Tissue RAS mutation testing
Formalin‐fixed paraffin‐embedded specimens were evaluated for RAS mutations in KRAS and NRAS exons 2, 3, and 4 using pyrosequencing, Sanger sequencing, or next‐generation sequencing according to the procedures established in routine clinical use at participating institutions. The cutoff threshold RAS MAF for calling a specimen mutant as validated at the local institutions was 2% and 5% for Australian and German cohorts, respectively, with pyrosequencing utilized for all German specimens. For cases where only KRAS exon 2 was evaluated by the SOC method, tissue specimens were re‐examined for expanded RAS either by DNA sequencing at the provider's institution or by BEAMing. BEAMing of tissue samples was also used to re‐evaluate the result provided by the standard‐of‐care assay for cases where the BEAMing plasma and SOC tissue results were discordant. The cutoff for tissue BEAMing was set at 1.0% MAF as demonstrated in CRYSTAL and OPUS studies (Bokemeyer et al., ; Van Cutsem et al., ).
Statistical analyses
Concordance of RAS mutation status was determined by calculating the agreement of RAS‐mutant and WT cases. Fisher's exact test was used to assess the significance of relationships for plasma and tissue RAS results. All statistical tests were two‐sided; the threshold for statistical significance was P < 0.05. MAF values for newly diagnosed vs recurrent mCRC patients were evaluated by calculating mean MAF values with standard errors and compared with p values derived using Welch's unequal variances t‐test. Correlation between ctDNA and CEA levels was assessed using Pearson's rank correlation.
Results
Patient characteristics
In total, 98 patients with histologically confirmed metastatic or stage III CRC with multiple lymph node involvement (54 males and 44 females having a median age of 66 years) were evaluated. Staging was based on postoperative histopathology and imaging diagnoses. The baseline characteristics of patients are shown in Table . At the time of study inclusion, the majority of patients (91.8%) had stage IV colorectal adenocarcinoma. Most patients (70/98) had newly diagnosed disease and were naïve to treatment (71.4%). With respect to treatment, ~ one‐third of the patients had recurrent disease and received at least one line of prior chemotherapy. The colorectum was the predominant site of tissue biopsy (78%). In patients for whom a metastatic site was submitted for RAS mutation analysis (22%), the most frequent site was the liver (77%) followed by the lung (18%).

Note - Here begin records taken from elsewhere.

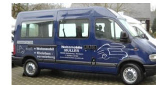
Transporter – NEU 2012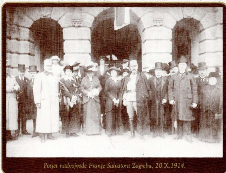
Posjet nadvojvode Franje Salvatora Zagrebu, 20.X.1914.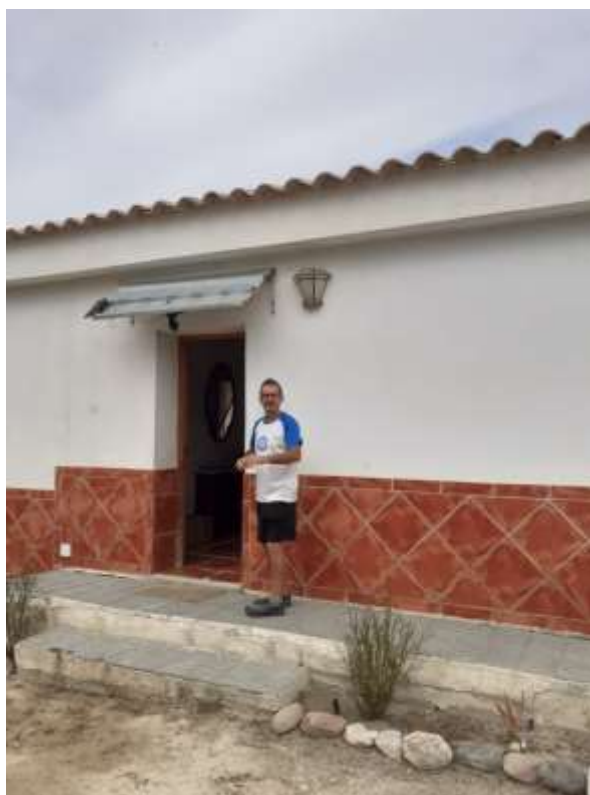
Oro en Polvo La Pm en la puerta del Muulasterio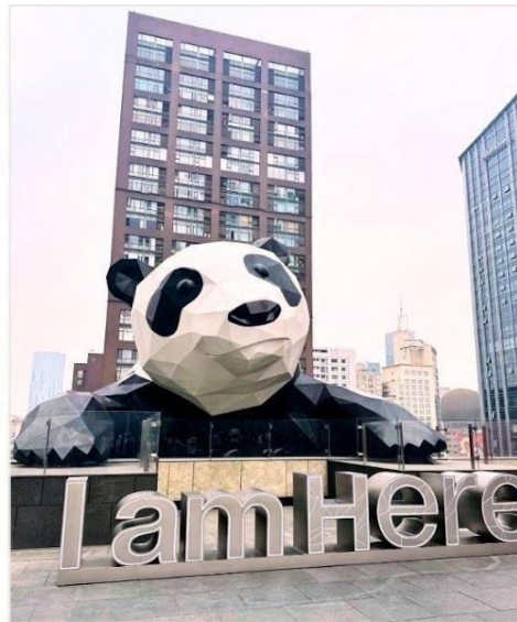
หมีแพนด้ายักษ์ กำลังปีนตึก IFS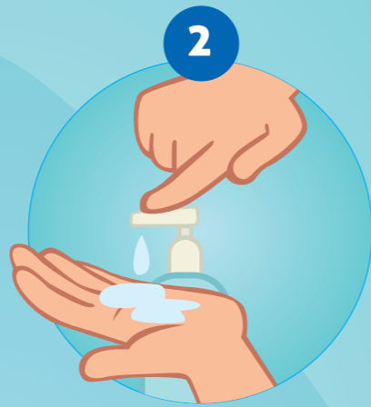
2 ZEEP NEMEN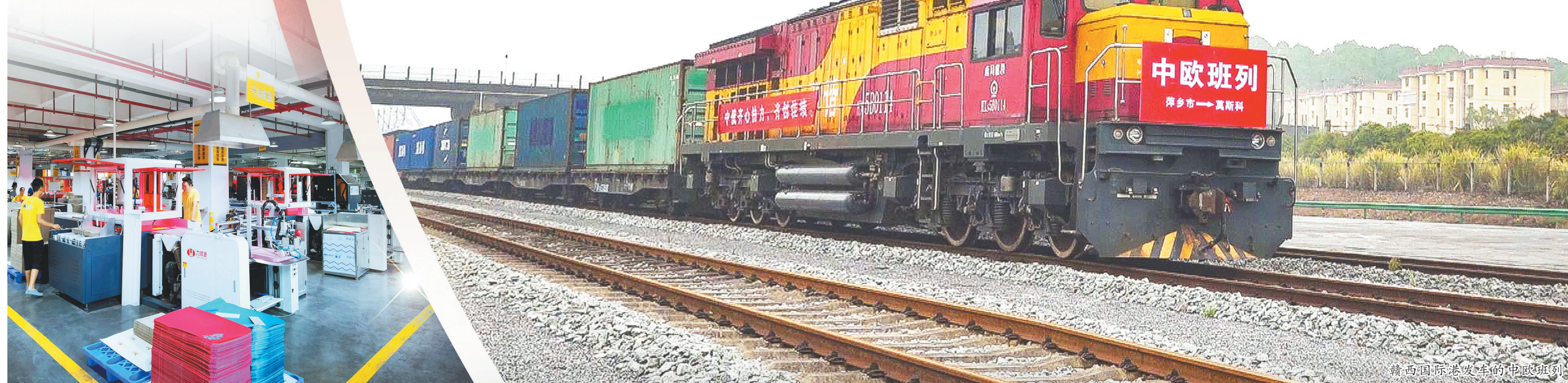
赣西国际港发车的中欧班列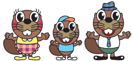
(建設職能国保組合イメージキャラクター)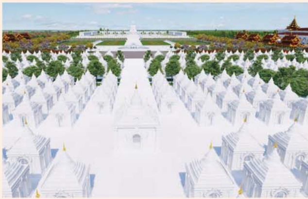
ကျောက်စာရုံစေတီ(၁၂ x ၁၂x ၁၈)ပေ ၁ ဆူ တန်ဖိုး-၂၇၉ သိန်း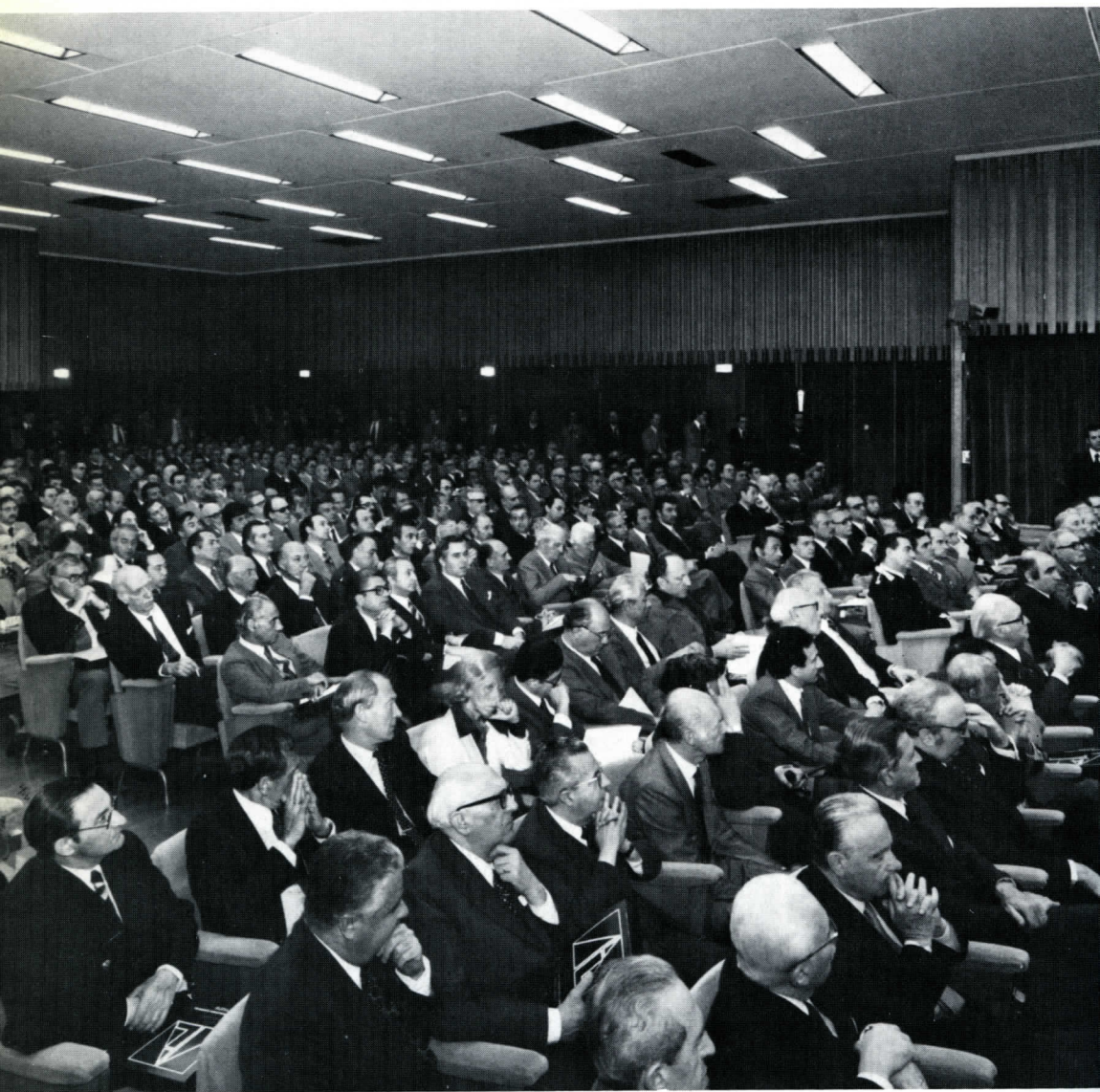
Il salone dell'Assemblea durante lo svolgimento della relazione del Presidente dell'Associazione.

Patient characteristics| Patients | 98 |
| Median age (range) | 66 (21–92) |
| Gender | |
| Female, n (%) | 44 (44.9%) |
| Male, n (%) | 54 (55.1%) |
| Disease status at time of biopsy, n (%) | |
| Stage III, newly diagnosed | 8 (8.2%) |
| Stage IV, newly diagnosed | 62 (63.3%) |
| Stage IV, recurrent disease | 28 (28.6%) |
| Site of tissue biopsy, n (%) | |
| Primary tumor | 76 (78%) |
| Metastases | 22 (22%) |
| Liver | 18 (82%) |
| Lung | 4 (18%) |
| Therapeutic history, n (%) | |
| Treatment naive | 70 (71.4%) |
| ≥first line of therapy | 28 (28.6%) |
| Baseline serum CEA, median (IQR) (n = 65) | 18.4 (6.25–60.25) |
Levels of CEA in blood samples were available for 65 of 98 patients in the concordance analysis. The median CEA concentration from these 65 patients was 18.40 ng·mL−1 (range: 2–4069; mean ± SD 193.6 ± 624.6). A comparison of CEA concentrations in newly diagnosed stage IV patients versus those diagnosed with metastatic disease at recurrence was then made. The median CEA concentrations in newly diagnosed stage IV patients and those with recurrent disease were 19.40 ng·mL−1 (mean ± SD 236.3 ± 700.0) and 9.90 ng·mL−1 (mean ± SD 37.86 ± 52.26), respectively. A two‐tailed t‐test of CEA levels indicated that differences in CEA levels between these two patient groups were at the threshold of statistical significance (P = 0.0504).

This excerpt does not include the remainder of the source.